The problem with academia, I thought, is that so many people write in this bullshit way that is so hard to understand, and that is really just evidence that they don’t really know shit. Why not write about things in a more readable way? I mentioned this to a friend, who asked what I had written, and I lied and said I wrote a review of a TV show that included some of my grad school thoughts. He asked to see it. I told him I’d send it. Then to save face and to show those grad school admissions committee fucks I was nobody’s sniveling bitch, I actually went home and wrote this terrible thing. My friend said, “Hmmm, it’s smart and all, but it doesn’t sound like you.” (That is what is known as a “backhanded compliment”.) So I rewrote it the way I talk, all bitchy and critical with a sense of humor, and showed it to another friend, who liked it and helped me get it published. And it was on. (And for the record, I’m no longer anti-grad school, that was just my hurt feelings talking.)

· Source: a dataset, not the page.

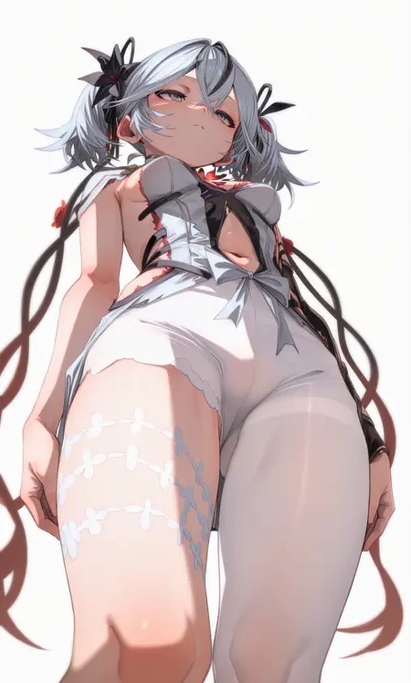 흰 머리, 검은 줄무늬 머리, 짧은 트윈테일, 눈 사이의 머리카락, 십자형 앞머리, 머리카락 덩굴, 회색 눈, 검은 꽃, 머리카락 꽃, 검은 리본, 가슴의 붉은 꽃, 작은 가슴, 등이 드러난 드레스, 측면이 드러난 드레스, 흰 드레스, 배꼽 절개, 한쪽만 떨어진 소매, 흰 바지, 한쪽 다리 바지, 한쪽 다리 스타킹, 흰 스타킹, 프린트 스타킹, 플로럴 프린트
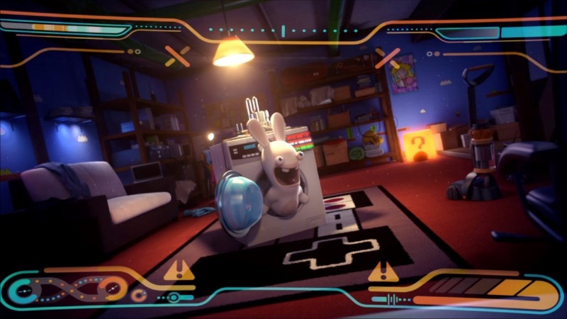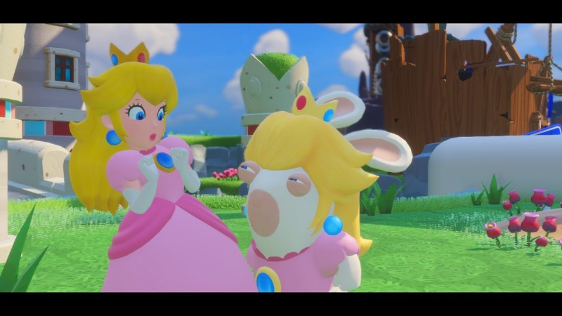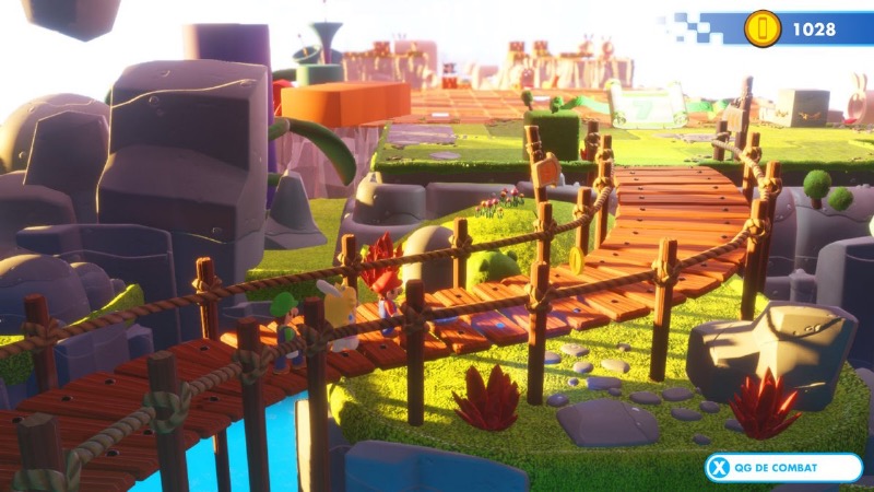 En marge de ces joutes endiablées, de nombreuses phases d’exploration sont présentes. Elles offrent des balades à travers des décors aussi colorés que détaillés, le tout agrémenté d’une bande-son très réussie qui puise dans les musiques bien connues des fans de Nintendo. À travers ces pauses très agréables bien qu’un peu linéaires, vous aurez la possibilité de découvrir de nombreux éléments collectibles tels que des musiques, des illusrations et des modèles 3D. Près de 140 bonus sont à chercher dans ces paysages sublimes qui montrent encore une fois l’importance qu’a donnée Davide Soliani, le créateur du jeu, à ce projet. D’innombrables et hilarants détails sont cachés à travers ce Royaume Champignon en déroute : en ouvrant l’oeil, il ne sera pas rare d’apercevoir les Lapins Crétins occupés à manigancer une idiotie quelconque. C’est un autre point fort du jeu : l’humour omniprésent des Lapins Crétins apporte une telle fraîcheur qu’on en redemande encore et encore ! Rien que Lapin Peach et sa manie de prendre des selfies aux pires (ou aux meilleurs ?) moments est irrésistible !

I’d wanted to be a writer since I was ten. And once I started writing like this I forgot about grad school and being mad, because it was so easy and I just loved doing it. So point here, is that anger has been the first little push in the best directions of my life. Works for exercise, helps me take care of myself, and motivates me in new directions. Just, you know, don’t get in my way when I’m doing smashball.

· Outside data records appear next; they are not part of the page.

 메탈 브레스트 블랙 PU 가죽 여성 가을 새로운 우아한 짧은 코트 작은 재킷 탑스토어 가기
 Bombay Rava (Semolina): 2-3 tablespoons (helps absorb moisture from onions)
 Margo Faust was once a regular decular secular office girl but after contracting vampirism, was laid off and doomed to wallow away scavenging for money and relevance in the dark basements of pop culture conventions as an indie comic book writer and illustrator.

4 Responses to “Mad, Bad, and Dangerous To Know”

  1. It’s true! The method style of writing. Get in the essential emotional state and let the words flow!

    Dr.J

  2. grad school is so overrated. It’s kinda like professors smashballing your ego, then squatting on your self-worth. Then of course they publish your 1000 meter rowing time like THEY did the actual rowing. Fuckers.

    girlscientist

  3. They don’t teach you to keep it real in grad school, that’s for sure.

    Shari

  4. thank god you didn’t go to grad school! then where the hell would I be? just a little seflish -which is good, right?